Last month, the Los Angeles City Council approved a new Civic Center Master Plan which envisions upwards of 2.2 million square feet of government offices and private development on the blocks surrounding City Hall. IBI Group, the architecture and engineering firm behind the plan, has generated a glossy new rendering that portrays a full buildout of the new Civic Center in 2032.
The plan is described as an axis scheme in which City Hall serves as the point of origin for new pedestrian corridors radiating outwards towards Little Tokyo, Chinatown, the Arts District and other adjacent communities. To facilitate this vision, a number of existing Civic Center landmarks would be redeveloped.
This includes Parker Center, the former LAPD headquarters which was denied landmark status earlier this year by the City Council. The 1950s structure is slated for demolition and replacement with a 27-story, 700,000-square-foot office building.

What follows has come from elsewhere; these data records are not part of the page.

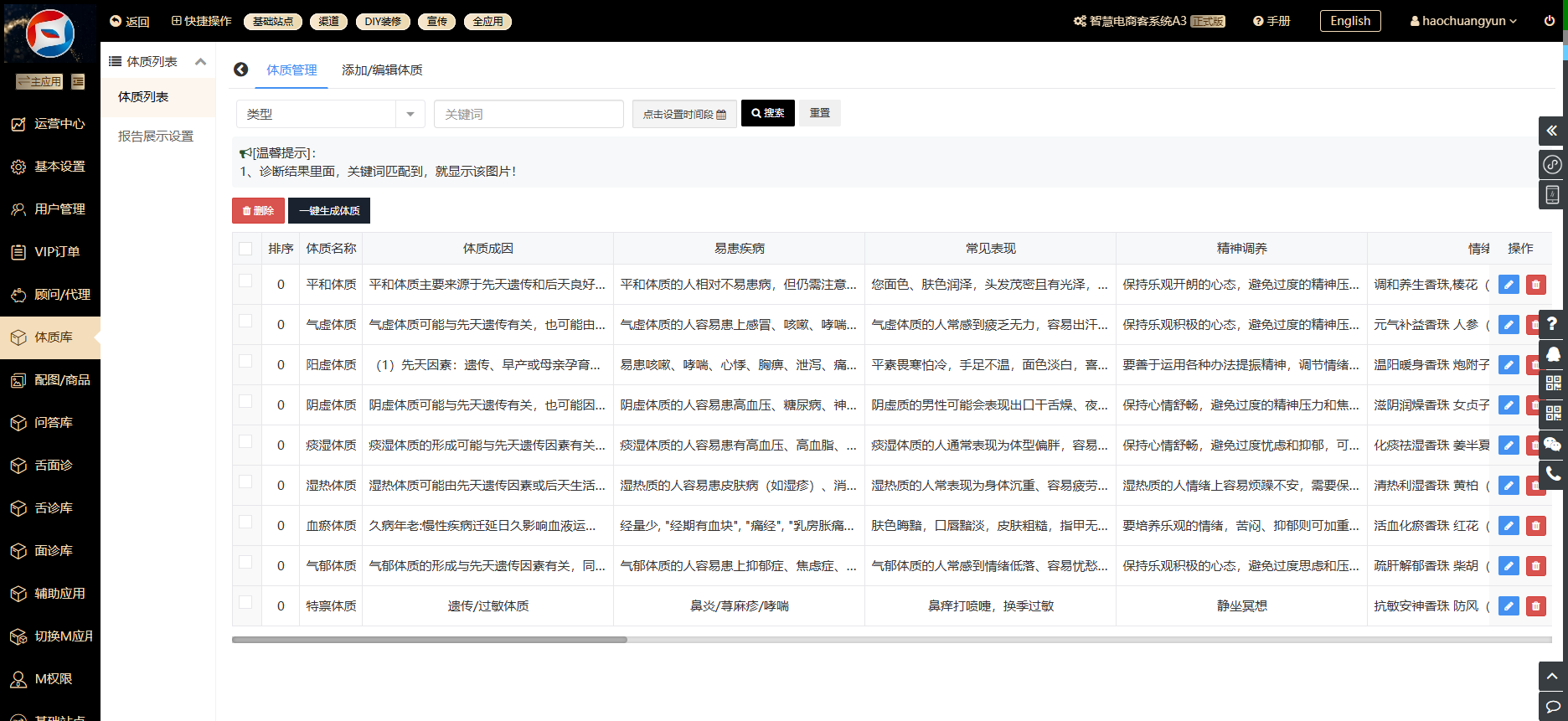 4、内含体质库机制(自定义体质数据,自由匹配商品,服务等。更好的运营转化变现,)
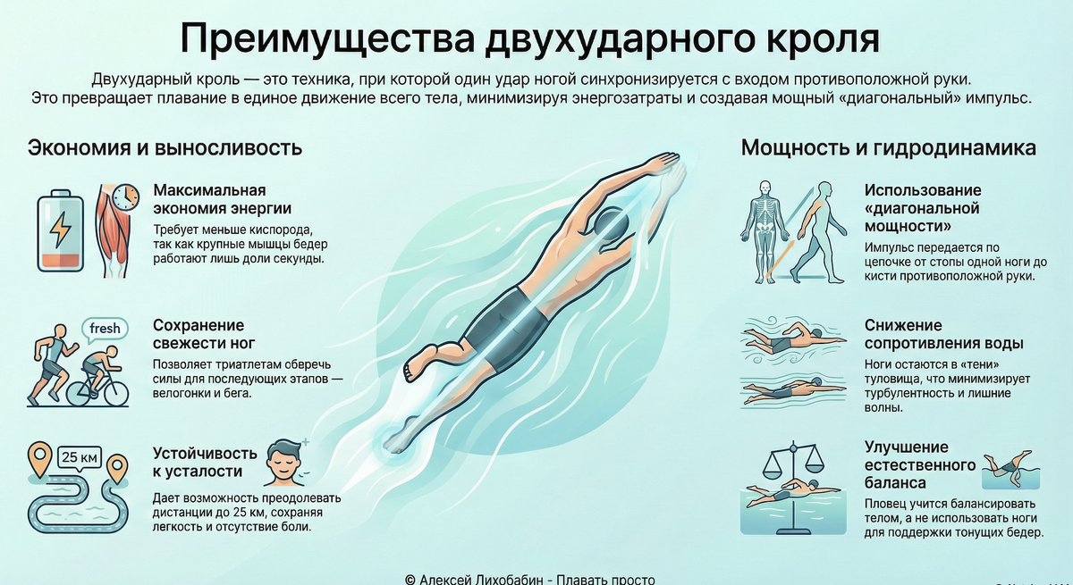 ⚡ Внедрение двухударной работы ног в плавание кролем дает пловцу ряд фундаментальных преимуществ, связанных с эффективностью, мощностью и выносливостью: 🏊🏻♂️ Максимальная экономия энергии. Двухударный кроль требует значительно меньше кислорода и топлива, чем традиционный шестиударный, так как крупные мышцы бедер работают лишь доли секунды в каждом цикле. 🏊🏻♂️ Доступ к «диагональной мощности». Пловец учится использовать самое мощное движение в вольном стиле, при котором импульс передается по цепочке от стопы одной ноги до кисти противоположной руки, задействуя все мышечные волокна тела одновременно. 🏊🏻♂️ Снижение сопротивления воды: двухударная работа ног минимизирует турбулентность и лобовое сопротивление, помогая ногам оставаться в "тени" (кильватерном потоке) туловища и не создавать лишних волн. 🏊🏻♂️ Интеграция всего тела. Этот ритм превращает плавание из изолированной работы рук и ног в единое движение всего тела, где удар ногой синхронизируется с вращением бедер и рота
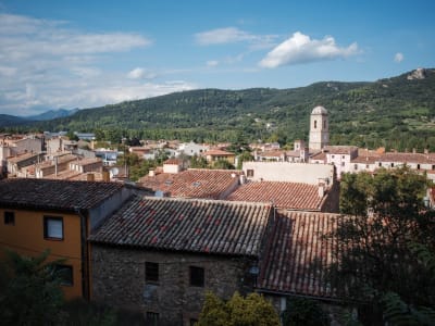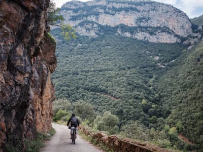 We slowly climbed our way through Alta Garrotxa, a wild, mountainous region in the eastern foothills of the Pyrenees. The climb began gradually, but the terrain quickly became wilder and more technical. Feeling pretty proud that we didn’t push the bikes once, we reached the Coll de Riu at noon! The landscape changed dramatically on the other side of the pass as we descended into an incredible valley filled with limestone peaks and vultures circling overhead. Soon after, we rolled into Olot — a charming small city nestled in an extinct volcanic landscape.

Other properties, including City Hall South, the L.A. Mall, the Aiso Street Parking Garage, and the Metro Detention Center, are slated to give way for a mixture of open space, government offices and private commercial developments. All new construction is expected to include active ground-floor uses, to stimulate the pedestrian traffic that the Civic Center currently lacks.
Also shown in the rendering is Park 101, the ambitious proposal to cap several segments of the US-101 freeway trench with green space.